Records for this task.

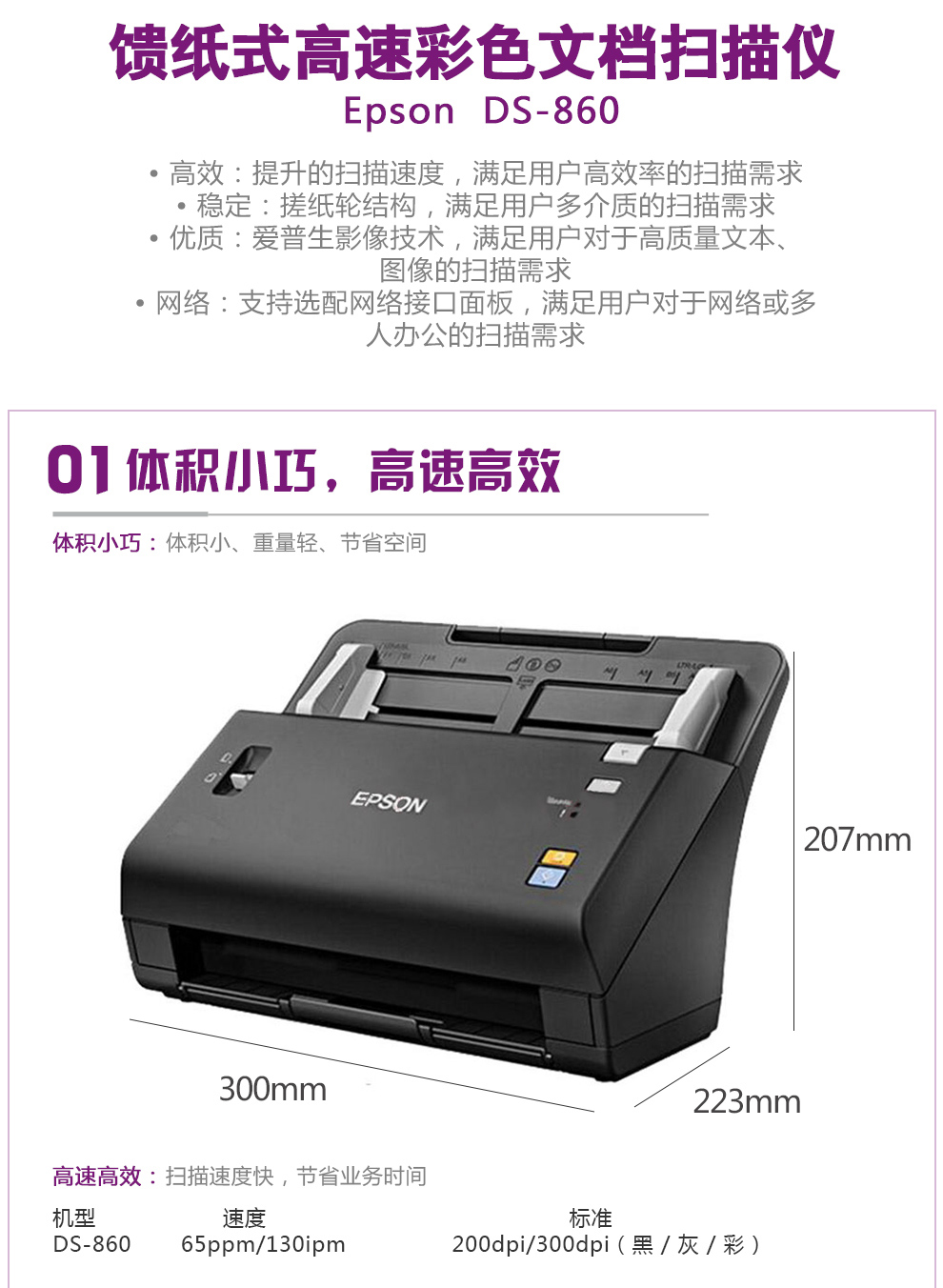 愛普生掃描儀 DS-860 高速饋紙式A4彩色文檔自動連續(xù)雙面掃描儀 單位:臺
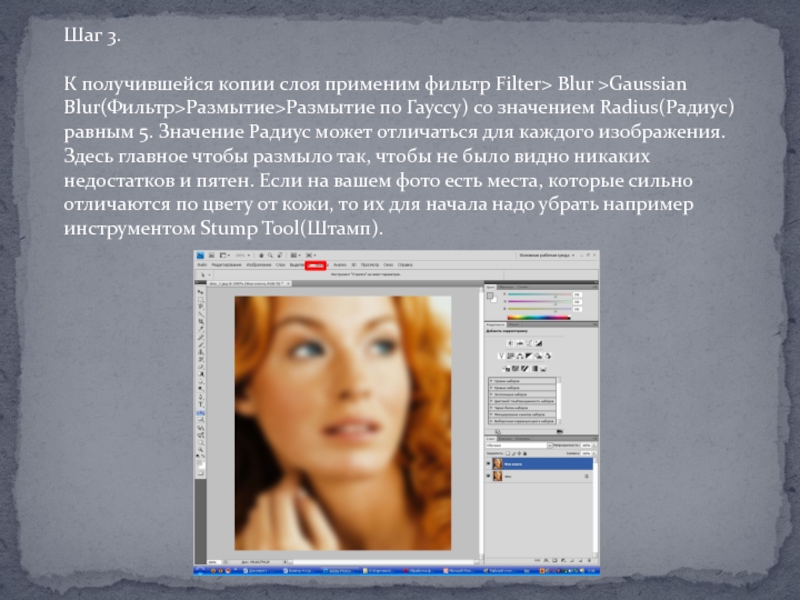 Шаг 3.К получившейся копии слоя применим фильтр Filter> Blur >Gaussian Blur(Фильтр>Размытие>Размытие по Гауссу) со значением Radius(Радиус) равным
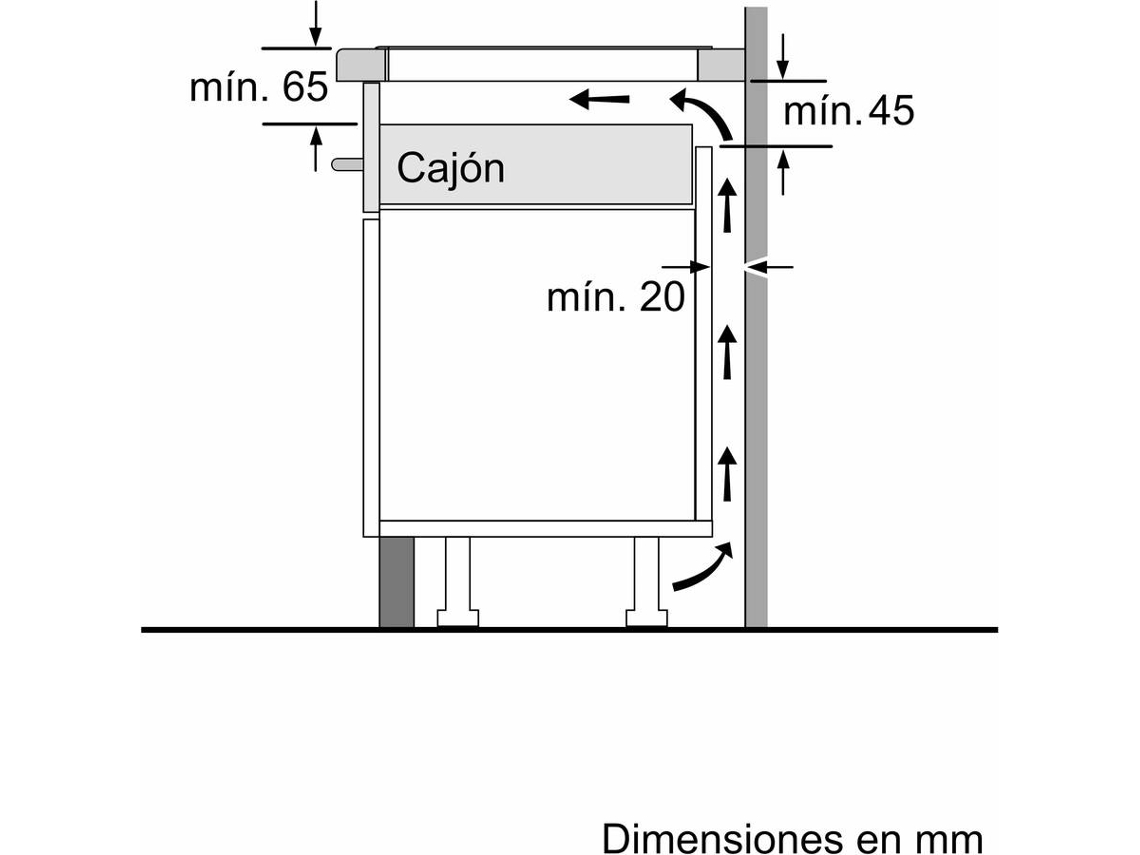 Espacio para encastre: 5.1 x 56 x 49 cm.
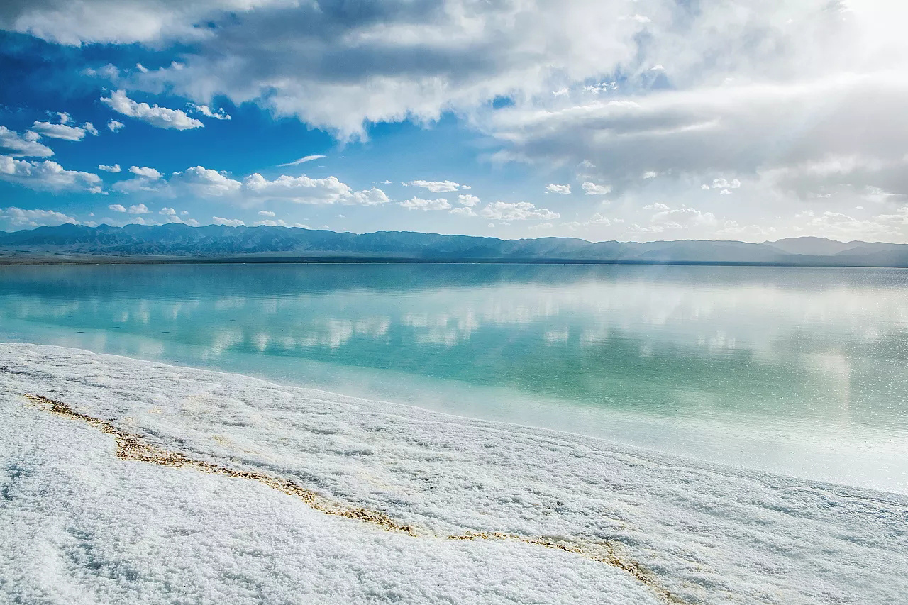 【東臺吉乃爾湖】(游覽時長約 0.5H)一個短時間風靡全國的網紅景點,雖然是高原鹽水湖,但它的湖 水卻像大海一般,充斥在瞳孔中的藍,更接近于翠綠色,是如同代表著幸福與浪漫的蒂芙尼寶石的高貴色澤。柔軟而潔白的湖灘是鹽的結晶,像是融化的奶酪般細膩,被很多人稱其為中國大西北的馬爾代夫。
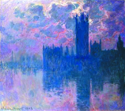 浓雾虽然是威胁人类健康的天敌,但浓雾笼罩下的迷幻景色,却曾经是英国大批文人墨客的创作灵感。著名法国印象派画家克劳德·莫奈曾于1900年至1905年之间居住在伦敦,深深被伦敦的浓雾、泰晤士河上的桥梁和古老的伦敦式建筑所吸引,创作了以当时英国议会所在地——威斯敏斯特皇宫为主题的系列作品,这一系列画作的大小和视角相同,都是从莫奈当时居住的圣·托马斯医院的窗户中看到的威斯敏斯特皇宫的景象,只是画面所表现的时间和天气不一而已。
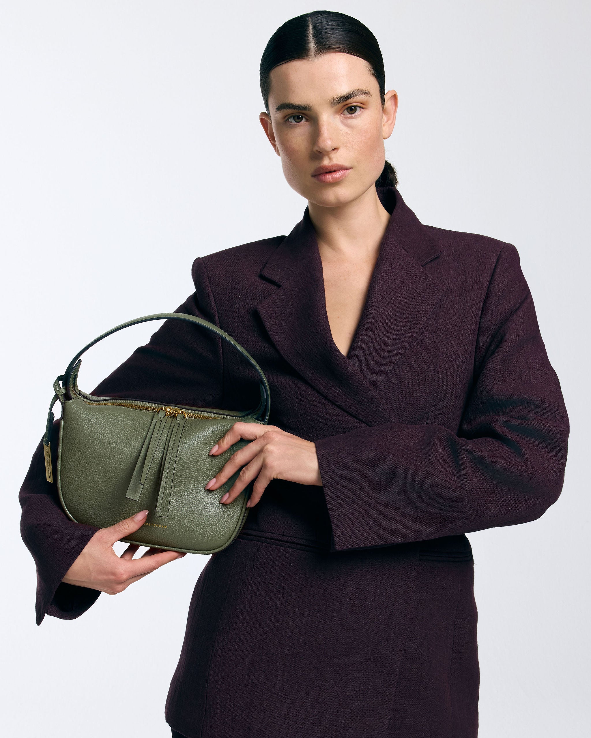 Die DANIEL ist die kleinere Schwester unserer eleganten MONROE-Tasche, eine kompakte Hobo-Tasche, die Stil und Komfort perfekt vereint. Die Tasche ist mit einem luxuriösen, goldfarbenen Reißverschluss versehen und hat einen festen, kurzen Riemen, so dass Sie sie bequem über der Schulter tragen können. Außerdem ist die Tasche mit einem extralangen Riemen ausgestattet, so dass Sie sie auch als Crossbody-Tasche tragen können.

Problem to solve. Apart from the pictures, every record must be set down exactly.

Result of this task.
 愛普生掃描儀 DS-860 高速饋紙式A4彩色文檔自動連續(xù)雙面掃描儀 單位:臺
 Шаг 3.К получившейся копии слоя применим фильтр Filter> Blur >Gaussian Blur(Фильтр>Размытие>Размытие по Гауссу) со значением Radius(Радиус) равным
 Espacio para encastre: 5.1 x 56 x 49 cm.
 【東臺吉乃爾湖】(游覽時長約 0.5H)一個短時間風靡全國的網紅景點,雖然是高原鹽水湖,但它的湖 水卻像大海一般,充斥在瞳孔中的藍,更接近于翠綠色,是如同代表著幸福與浪漫的蒂芙尼寶石的高貴色澤。柔軟而潔白的湖灘是鹽的結晶,像是融化的奶酪般細膩,被很多人稱其為中國大西北的馬爾代夫。
 浓雾虽然是威胁人类健康的天敌,但浓雾笼罩下的迷幻景色,却曾经是英国大批文人墨客的创作灵感。著名法国印象派画家克劳德·莫奈曾于1900年至1905年之间居住在伦敦,深深被伦敦的浓雾、泰晤士河上的桥梁和古老的伦敦式建筑所吸引,创作了以当时英国议会所在地——威斯敏斯特皇宫为主题的系列作品,这一系列画作的大小和视角相同,都是从莫奈当时居住的圣·托马斯医院的窗户中看到的威斯敏斯特皇宫的景象,只是画面所表现的时间和天气不一而已。
 Die DANIEL ist die kleinere Schwester unserer eleganten MONROE-Tasche, eine kompakte Hobo-Tasche, die Stil und Komfort perfekt vereint. Die Tasche ist mit einem luxuriösen, goldfarbenen Reißverschluss versehen und hat einen festen, kurzen Riemen, so dass Sie sie bequem über der Schulter tragen können. Außerdem ist die Tasche mit einem extralangen Riemen ausgestattet, so dass Sie sie auch als Crossbody-Tasche tragen können.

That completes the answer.